§ **Data extract**

=== Begin Enclosure ===

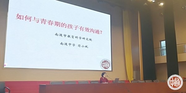 接着,国家二级心理咨询师、南通市教育科学研究院心理教育兼职教研员、我校符小斌老师作了《如何与青春期孩子有效沟通》的主题讲座。讲座从家长与学生如何相处,如何构建良好的家庭环境两个角度入手,将心理学知识应用于生活实际,深入浅出,引人入胜。
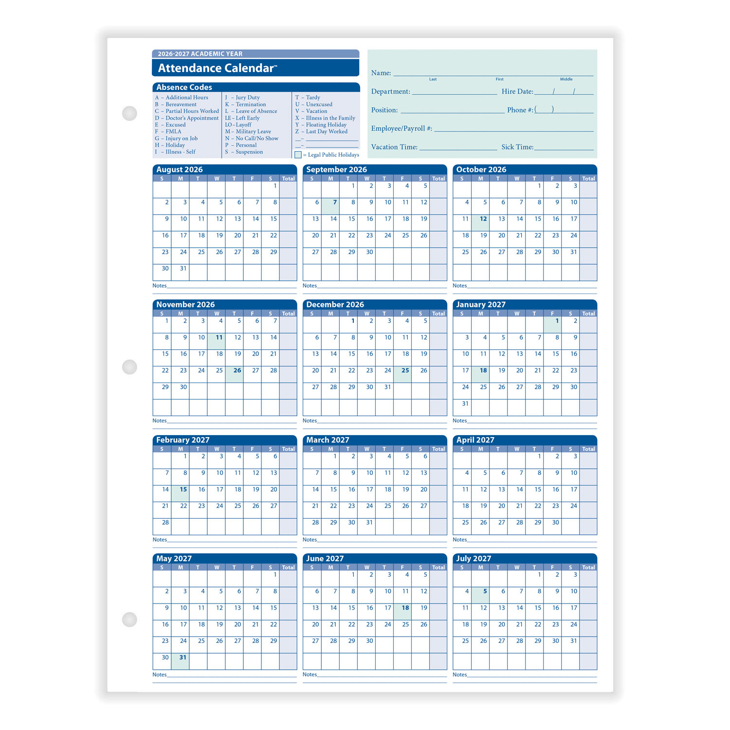 • Efficient calendar format makes tracking absences quick and convenient
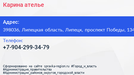 Карина, ателье по адресу 398036, Липецкая область, Липецк, проспект Победы, 134 в дальнейшем Организация, размещена в следующих категориях:

=== End Enclosure ===

§ **Task description**
Your answer should set down the listing verbatim and leave out its images.

§ **Written answer**
 接着,国家二级心理咨询师、南通市教育科学研究院心理教育兼职教研员、我校符小斌老师作了《如何与青春期孩子有效沟通》的主题讲座。讲座从家长与学生如何相处,如何构建良好的家庭环境两个角度入手,将心理学知识应用于生活实际,深入浅出,引人入胜。
 • Efficient calendar format makes tracking absences quick and convenient
 Карина, ателье по адресу 398036, Липецкая область, Липецк, проспект Победы, 134 в дальнейшем Организация, размещена в следующих категориях:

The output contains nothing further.